#### Record excerpts:

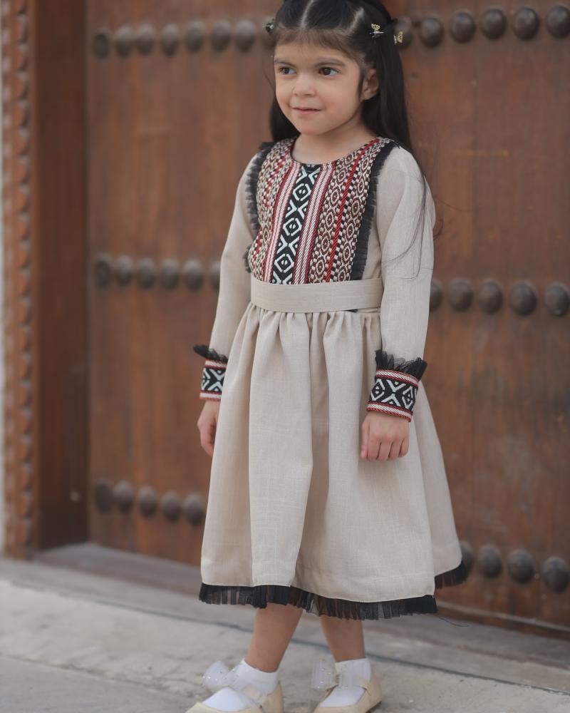 فستان يوم التأسيس يعكس روح الأصالة والتراث السعودي، مستوحى من الملابس التقليدية التي ارتداها الأجداد في مختلف مناطق المملكة. يتميز الفستان بالتفاصيل الزخرفية التراثية والألوان المستوحاة من الهوية الوطنية، ما يجسد الفخر بالتراث السعودي في يوم التأسيس.
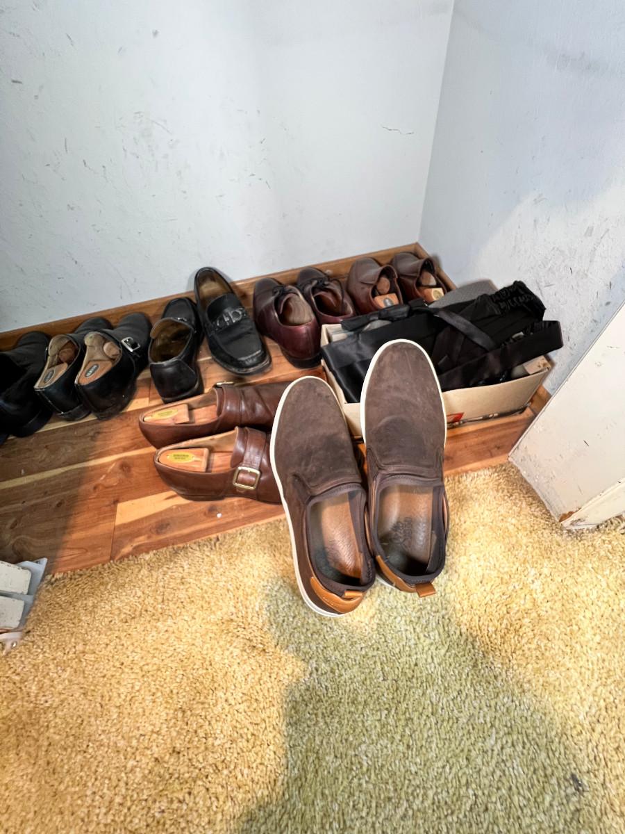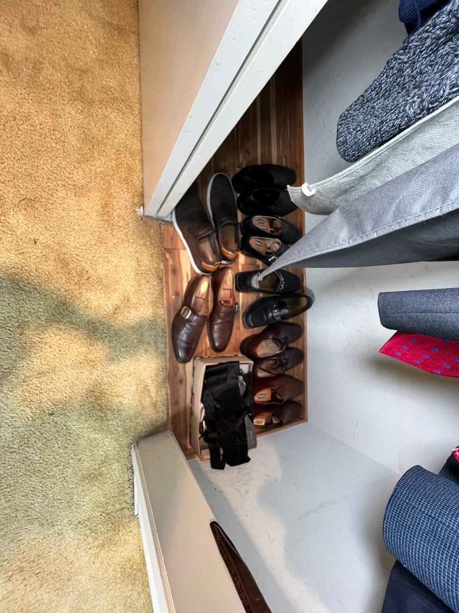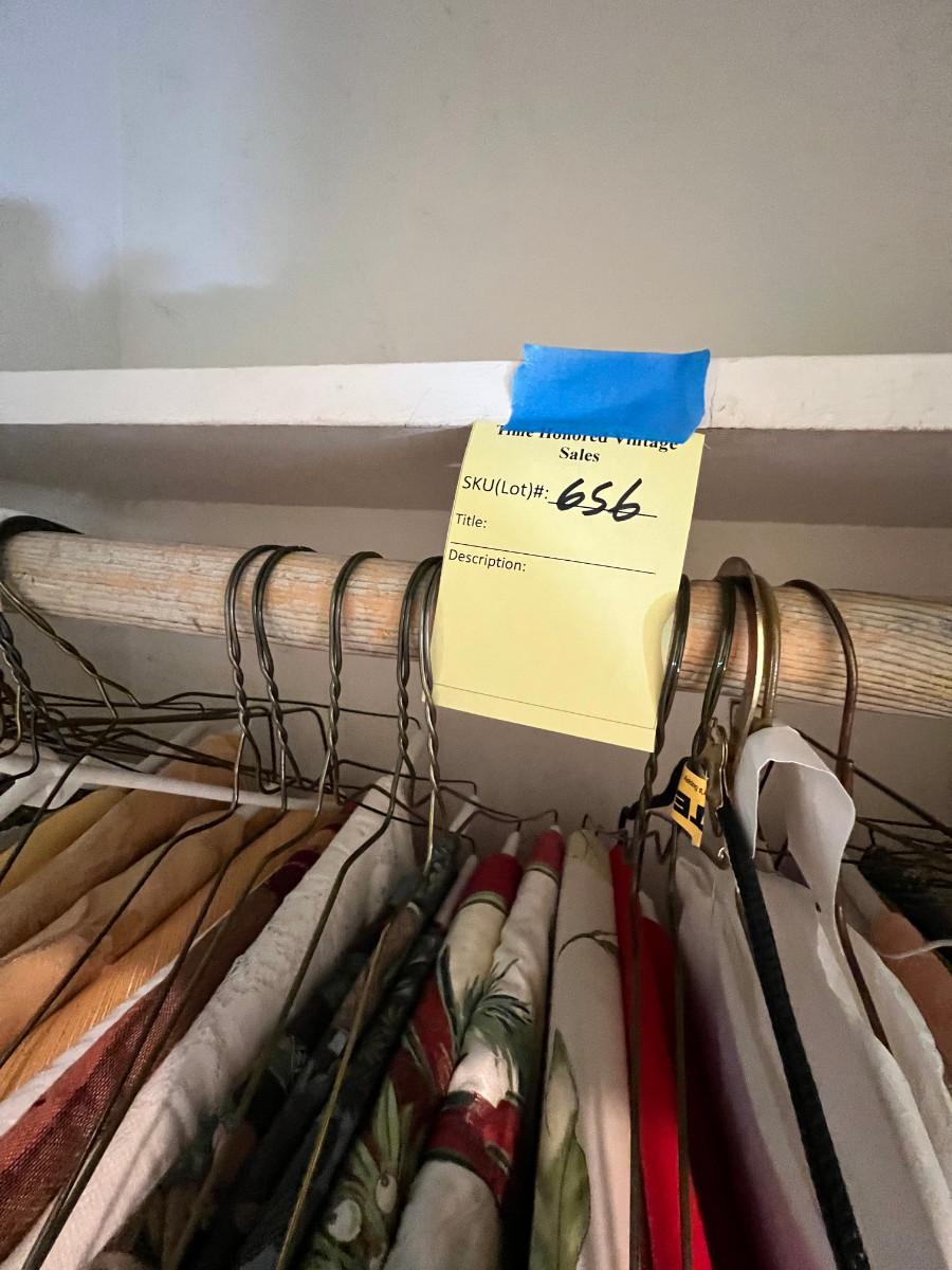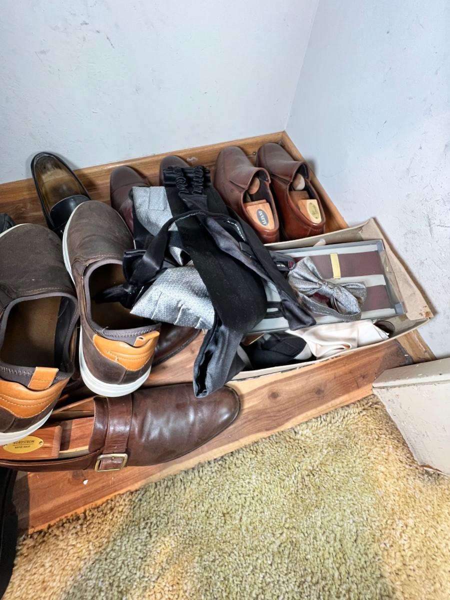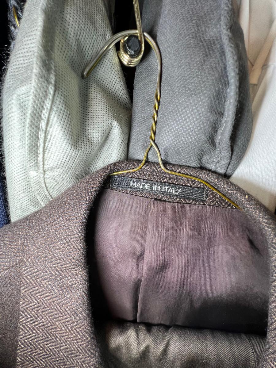 Owner was 32/32 most of his life though there are some larger sizes. Automatic tie rack with silk ties. Suits are handmade mostly in Europe. Tuxedo from Nordstroms fine men's depart, some casual clothes and tee shirts but mostly office formal owner was a judge.
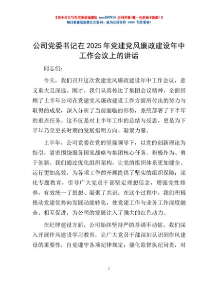 / 公司党委书记在2025年党建党风廉政建设年中工作会议上的讲话
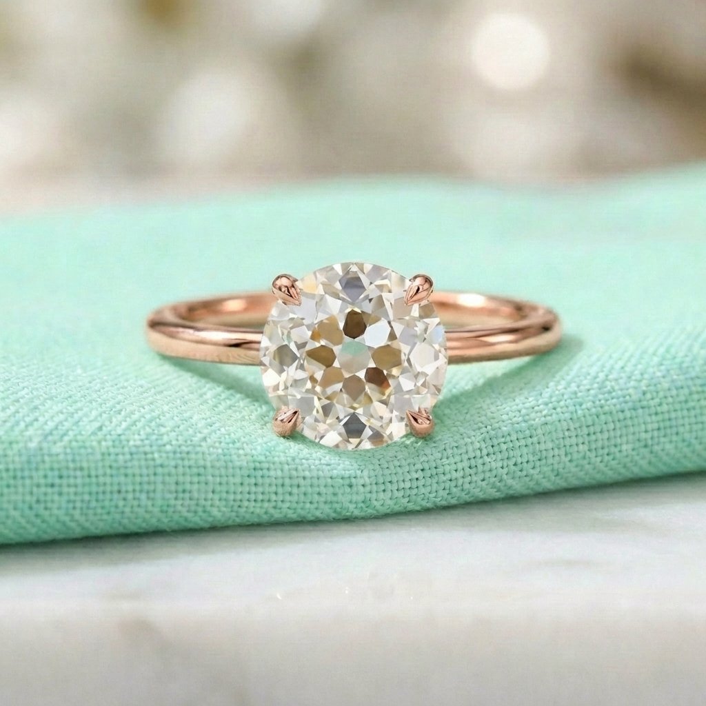 Fall in love with the charm of a bygone era with this exquisite Old European Cut Lab Grown Diamond Engagement Ring, featuring a stunning 2.44 Ct round center diamond in a classic solitaire setting.
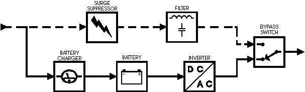 charger'ом. Bypass switch обеспечивает подачу напpяжения сети напpямую с входа

#### Task requirements:
Copy each entry exactly as written, and drop the pictures from the copy.

#### Exercise answer:
 فستان يوم التأسيس يعكس روح الأصالة والتراث السعودي، مستوحى من الملابس التقليدية التي ارتداها الأجداد في مختلف مناطق المملكة. يتميز الفستان بالتفاصيل الزخرفية التراثية والألوان المستوحاة من الهوية الوطنية، ما يجسد الفخر بالتراث السعودي في يوم التأسيس.
 Owner was 32/32 most of his life though there are some larger sizes. Automatic tie rack with silk ties. Suits are handmade mostly in Europe. Tuxedo from Nordstroms fine men's depart, some casual clothes and tee shirts but mostly office formal owner was a judge.
 / 公司党委书记在2025年党建党风廉政建设年中工作会议上的讲话
 Fall in love with the charm of a bygone era with this exquisite Old European Cut Lab Grown Diamond Engagement Ring, featuring a stunning 2.44 Ct round center diamond in a classic solitaire setting.
 charger'ом. Bypass switch обеспечивает подачу напpяжения сети напpямую с входа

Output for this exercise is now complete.